Further continuing HyperOffice's push to make its e-mail more useful and compatible is the upcoming HyperShare for Outlook, which will turn HyperOffice into a full Microsoft Exchange alternative. Customers will be able to share calendars, contacts, notes, and tasks just as they can with an Exchange system. With it, groups can easily exchange updated information, ensuring that everyone, even mobile workers checking in through Web-enabled PDAs and smartphones, are working with the latest dates and prices. But because HyperShare works with the HyperOffice system, it will go beyond what an Exchange server offers, adding in the robust document management introduced to HyperOffice several months back. The server will also work with groups created in HyperOffice, so that users can choose to share their information among work groups that they or the administrator has created.

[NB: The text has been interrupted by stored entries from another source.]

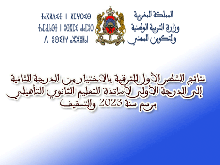 نتائج الشطر الأول للترقية بالاختيار من الدرجة الثانية إلى الدرجة الأولى لأساتذة التعليم الثانوي التأهيلي برسم سنة 2023 والتسقيف
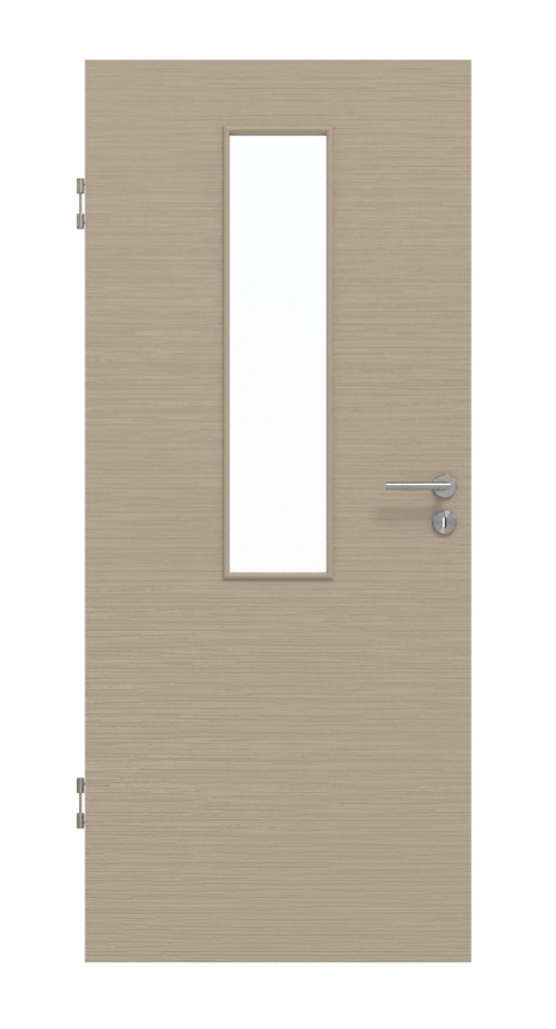 W górnej części skrzydła drzwi znajduje się krótkie okno ze szkła. Na dekorze Versio w taupe widoczna jest wyczuwalna struktura, która tworzy wyjątkowe efekty świetlne i cieniowe. Powierzchnia w jakości Durat jest szczególnie odporna na uderzenia i ścieranie oraz łatwa w pielęgnacji.
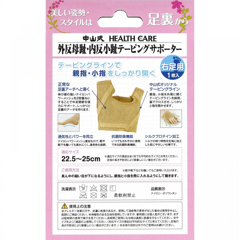 Поддерживающий бандаж Nakayama Shiki Anti-Hallux Valgus / Broons Taping Support для правой стопы разработан для раскрытия большого и малого пальцев стопы наружу с использованием уникальной техники тейпирования.. Поддерживающее приспособление эффективно помогает в решении проблем вальгусной деформации большого пальца стопы и косточки на ноге, фиксируя пальцы ног в оптимальном положении.. Материал изготовлен на основе протеина шелка, приятного для кожи, обладает антибактериальными и устойчивыми к запахам свойствами, обеспечивая свежесть и комфорт во время использования.. В этот набор входит одна деталь специально для правой ноги.
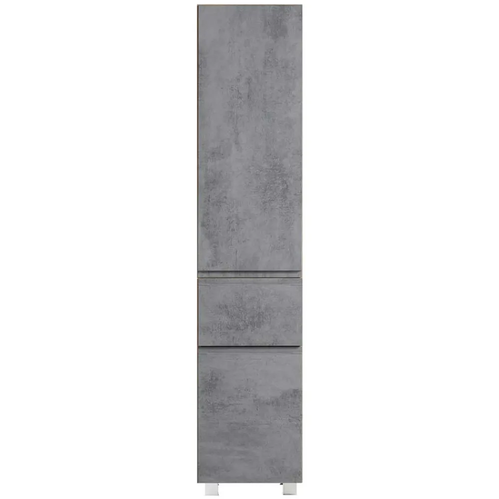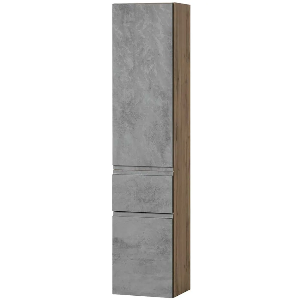 - Trendstarker Bad Hochschrank in Betongrau und Wildeichefarben
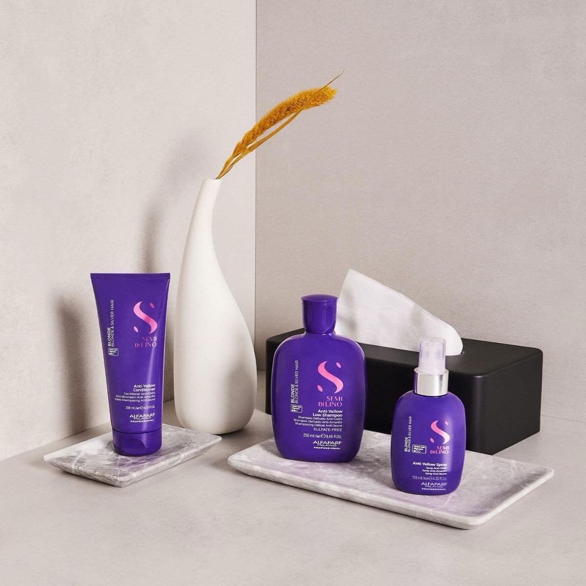 Το σαμπουάν Alfaparf Semi di Lino Anti-Yellow Low Shampoo 250ml καθαρίζει απαλά και εξουδετερώνει τους ανεπιθύμητους κίτρινους τόνους στα ξανθά μαλλιά.

HyperShare will be a part of the next full upgrade of HyperOffice, version 5.0, and is expected to debut in late February or early March, 2006. Users will need to download software that will integrate HyperOffice with Outlook, but the setup won't be complicated. HyperShare is currently in beta testing.
A third new feature, portal customization, gives administrators the ability to set what front page different users or groups will see when they log onto the site. The admin could create one front page with internal information for the in-house employees, a second with product and purchasing information for vendors, and a third with constantly updated pricing information for the sales team in the field.
With a few simple pulldown menus, the admin can set which page users see when they first log in, and also what type of site information is presented to them. You can turn on HyperOffice's collaboration features-such as e-mail and document management-for your employees, while making sure your customers won't see those options. You can also customize the pages' content by choosing from a long list of news feeds. The portal customization option should be available to HyperOffice users in less than a month.
Finally, a new feature called interlinking promises to extend HyperOffice's already significant collaboration tools. With interlinking, customers will be able to create two-way links between elements stored in HyperOffice. For example, you could create a meeting in the calendar tool and then create links to everyone who will attend the meeting. Or you could attach documents stored in HyperOffice to your to-do list, this way you remember when they need to be updated. Interlinking will also let you create outside links, such as to other Web sites. This feature should be available by mid-February.
With HyperOffice's new interlinking feature, users can quickly create two-way links between elements stored in HyperOffice.